Ask any 3K, 4R or 2J fisherman and you’ll get the same response: cod is back on the grounds. As a result, there have been slight increases to quotas over the years.
Eddie’s Cove fisherman Stewart Parrill says it’s hard to find processors on the Northern Peninsula who will purchase cod. — Photo by Adam Randell/The Northern Pen
While there are more fish to catch, there’s another problem: a lack of buyers. It has Eddie’s Cove fisherman Stewart Parrill calling for change.
While there are processors on the Northern Peninsula working with cod, Parrill said fishermen can’t move their product because processors are only buying cod from their own harvesters.
“We can’t ship it to other areas of the province because it can go soft. Maybe it’s time to introduce a cod-processing licence to the Northern Peninsula where fishermen can actually sell their cod,” Parrill said.
According to the Department of Fisheries and Oceans, there are 58 groundfish processors in Newfoundland and Labrador. Twenty-eight of those are processing groundfish this year. There are eight processors located on the Northern Peninsula that have groundfish licences: 3 T’s Ltd, Conche Seafoods Inc., Gould’s Fisheries Ltd., H. Hopkins Ltd., Harbour Seafoods Ltd., Northern Lights Seafood Inc., St. Anthony Seafoods Ltd. Partnership and TMD Seafoods.
According to a statement issued on behalf of Fisheries Minister Derrick Dalley, “At the present time prices are in decline for all types of cod due to an unprecedented increase in global supply.
“In addition, several substitutes to the cod caught by provincial harvesters, including tilapia, haddock, pollock, and pacific cod, have put a downward pressure on pricing.”
Because of this, the statement says, it has made cod prices low throughout the U.S. and Europe and makes it challenging for processors to move product.
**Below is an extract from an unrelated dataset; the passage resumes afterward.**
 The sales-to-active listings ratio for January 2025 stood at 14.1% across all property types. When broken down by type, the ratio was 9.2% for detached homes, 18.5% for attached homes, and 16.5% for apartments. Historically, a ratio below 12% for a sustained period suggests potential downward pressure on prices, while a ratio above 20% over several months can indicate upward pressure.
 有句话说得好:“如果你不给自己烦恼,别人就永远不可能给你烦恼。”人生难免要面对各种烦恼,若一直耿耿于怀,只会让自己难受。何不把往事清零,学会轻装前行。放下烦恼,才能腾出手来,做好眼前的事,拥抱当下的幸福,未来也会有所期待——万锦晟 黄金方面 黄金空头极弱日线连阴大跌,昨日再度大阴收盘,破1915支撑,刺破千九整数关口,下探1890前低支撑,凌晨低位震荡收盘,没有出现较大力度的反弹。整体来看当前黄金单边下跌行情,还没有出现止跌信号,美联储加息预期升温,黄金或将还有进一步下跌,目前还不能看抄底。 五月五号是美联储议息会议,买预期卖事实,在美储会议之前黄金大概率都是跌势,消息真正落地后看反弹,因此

“In light of this, distributing more groundfish processing licences is not expected to create more opportunity for provincial cod harvesters to sell their product.”
Meanwhile, Fish, Food and Allied Workers union (FFAW) president Earle McCurdy, like Parrill, agrees that fishermen should be able to sell their product.
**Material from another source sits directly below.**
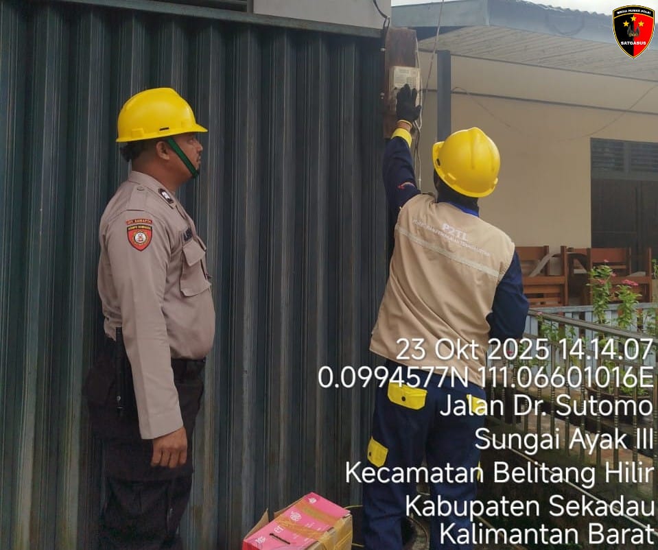 Polres Sekadau melalui Unit Pamobvit Satsamapta melaksanakan pengamanan kegiatan Penertiban Pemakaian Tenaga Listrik (P2TL) yang digelar oleh PT PLN ULP Sekadau, Kamis (23/10/2025).

He thinks it’s something that can be achieved through policy.
“The provincial policy, with regards to processing, needs to move with the times in light of circumstances,” he said. “If there’s an area that doesn’t have an outlet then that is something that should, through partial policy, provide a reasonable opportunity for people to sell their product.”
With a resurgence in cod stocks around Newfoundland and Labrador, and low market prices, McCurdy said the rebuilding of quota and markets is key.
“It’s no good to say we’ll keep quotas at rock bottom minimums, only to wake up one day and say we’ve got 100,000-tonne quota this year and nobody left to fish it, process it or market it,” he said. “You’ve got to rebuild the industry while rebuilding the resource.”
He said the low-level cod quotas currently in effect make it difficult to build strong markets. But he’s not suggesting going overboard with quotas either.
“We need a plan to allow for reasonable adjustments in quota accordingly, but also placing a real emphasis on marketing is critical,” he said. “We have the ability to catch it in tremendous volume, but if we can’t sell it, it is of no real value.”